The Hinckley Institute Radio Hour (Original Air Date: November 13, 2o19) — This week on the program, we air a forum featuring journalist and foreign policy expert Barbara Slavin on U.S.-Iran relations and the history between the two nations.
More than 40 years since the Iranian Revolution and the overthrow of the United States-backed monarchy, the political tension between the U.S. and Iran have reached a new crisis level. The recent assassination of General Qasem Soleimani, considered Iran’s second-highest official, at an Iraqi airport is being called an overt act of war by the Iranian government. The political fallout has been immediate and comprehensive. Iran has said it will stop abiding by some of the agreements made in the 2015 Iran Nuclear Deal, Iran’s Defense Minister promised a “crushing revenge” over Soleimani’s death and Iraq’s parliament unanimously voted for a withdrawal of all foreign troops from the country. President Trump has maintained that the airstrike was meant to ensure peace but the rapid deployment of thousands of U.S. troops to Iraq has given rise to fears of escalating violence and greater destabilization. While major shifts in the geopolitics of the Middle East are underway, the future of the region and the ambiguous threat of a new war have many looking for answers.
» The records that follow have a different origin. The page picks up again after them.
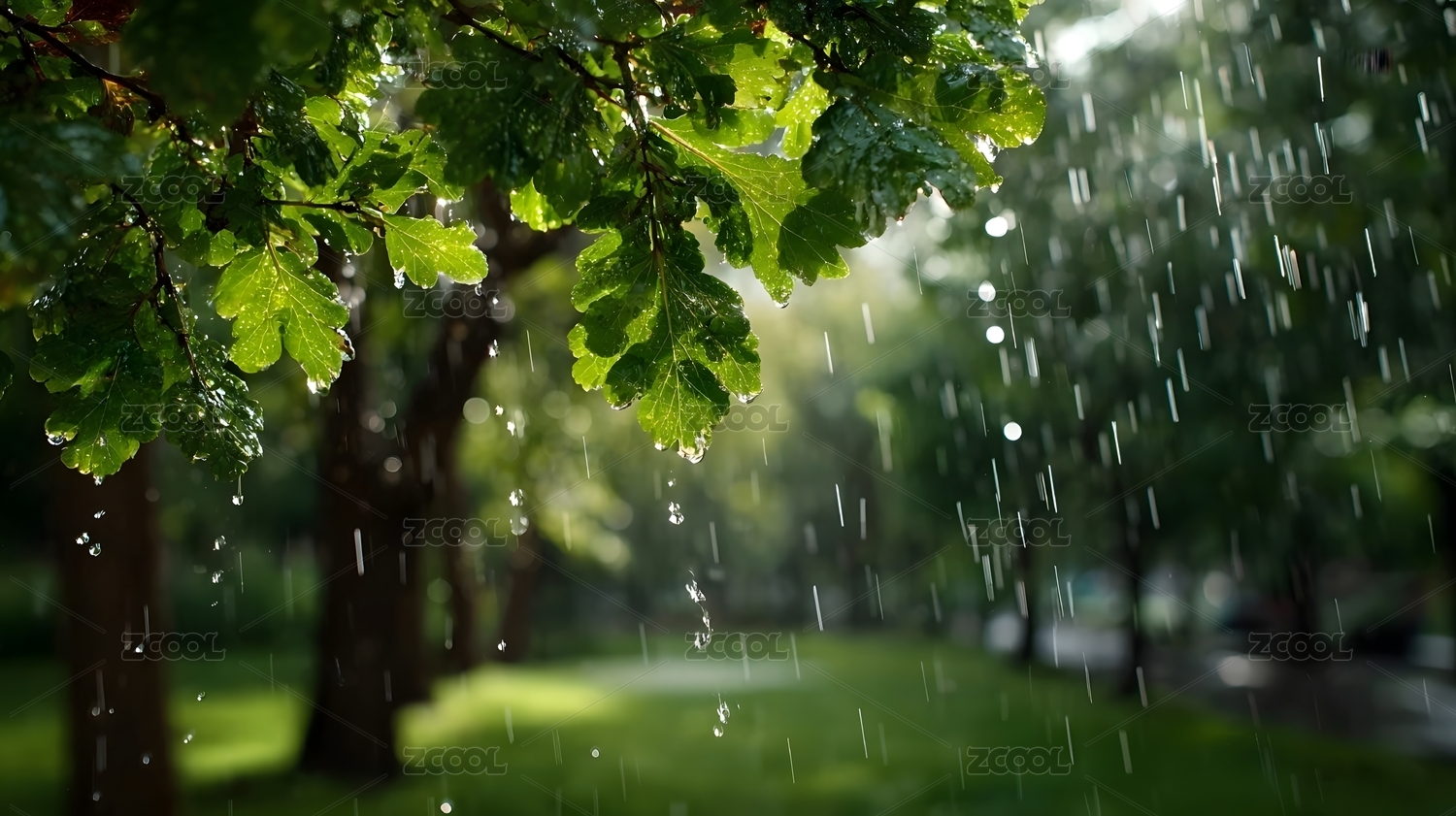 大雨中森林绿叶沾满水滴雨水雨滴植物新生
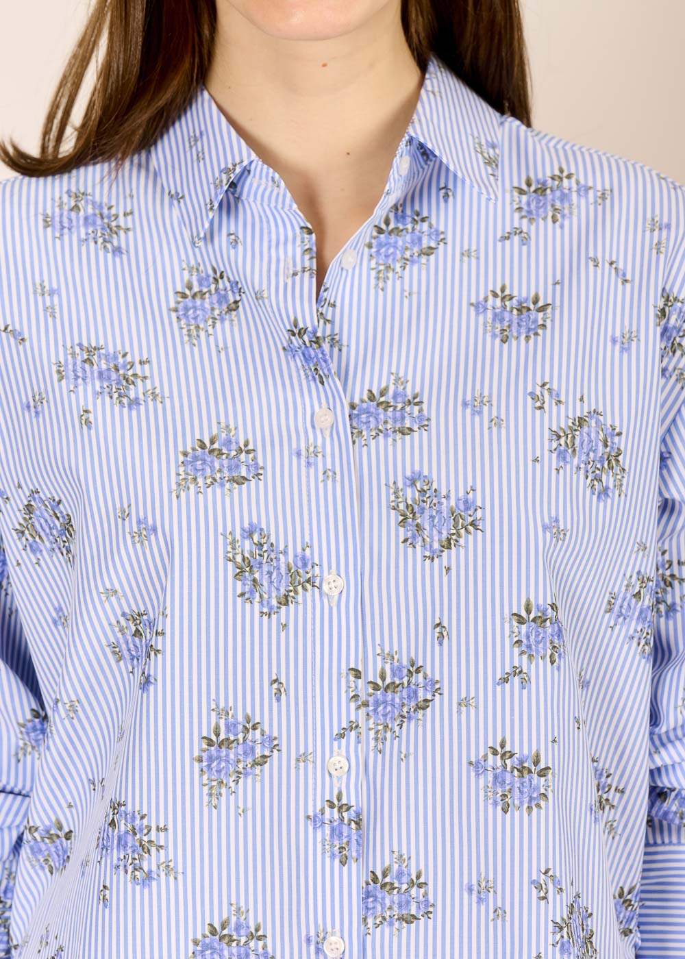 Diese Streifenbluse mit Blumenmuster vereint zeitloses Design, romantische Leichtigkeit und italienische Raffinesse, dank der Schlitze an den Seiten. Ob lässig in die dunkelblaue Hose gesteckt oder unter dem passenden Bomberino gestylt – diese Bluse ist ein echtes Lieblingsstück.
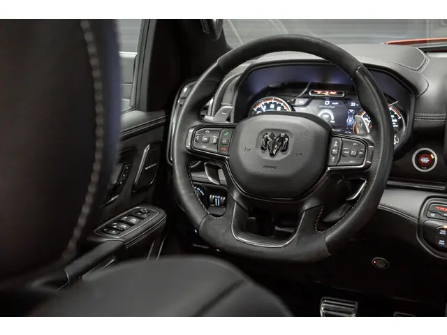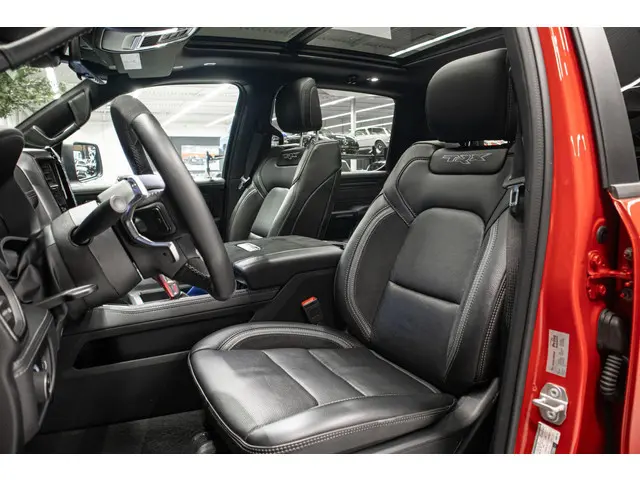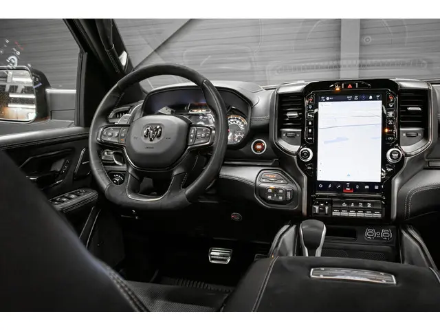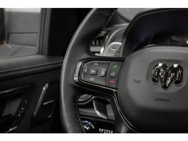 | Deze auto wordt consignatie verkocht en alleen op afspraak te bezichtigen |Hij is nét niet meer nieuw, dus komt-ie nu pas goed op toeren. Met alle pluspunten van een nagelnieuwe bolide. De aandrijving wordt verzorgd door een achtcilinder motor en een automatische transmissie. Van binnen is deze Dodge Ram 1500 mooi uitgevoerd met een classy lederen interieur. Je zult absoluut de luxe waarderen van de stoelverwarming, verwarmbare achterbank, en het verwarmbare stuur dat inbegrepen is in dit voertuig. Van binnen lijkt het allemaal uitermate ruim dankzij de vrije inval van daglicht via het elektrisch bediende glazen panoramadak. Natuurlijk behoren 20 inch lichtmetalen velgen, LED koplampen, geluidsisolerende ramen, elektrisch inklapbare buitenspiegels, in delen neerklapbare achterbank en treeplanken ook tot de uitrusting van deze complete auto.

Today on our program we’re airing a forum that was recorded before these latest developments, but that still provides a framework for understanding the wider context. Barbara Slavin, Director of the Future of Iran Initiative at the Atlantic Council, delves into the Trump administration’s role in shifting foreign policy toward Iran, the forces that have historically shaped U.S.-Iran relations and potential outcomes for the two countries.
This forum was recorded on October 24, 2019.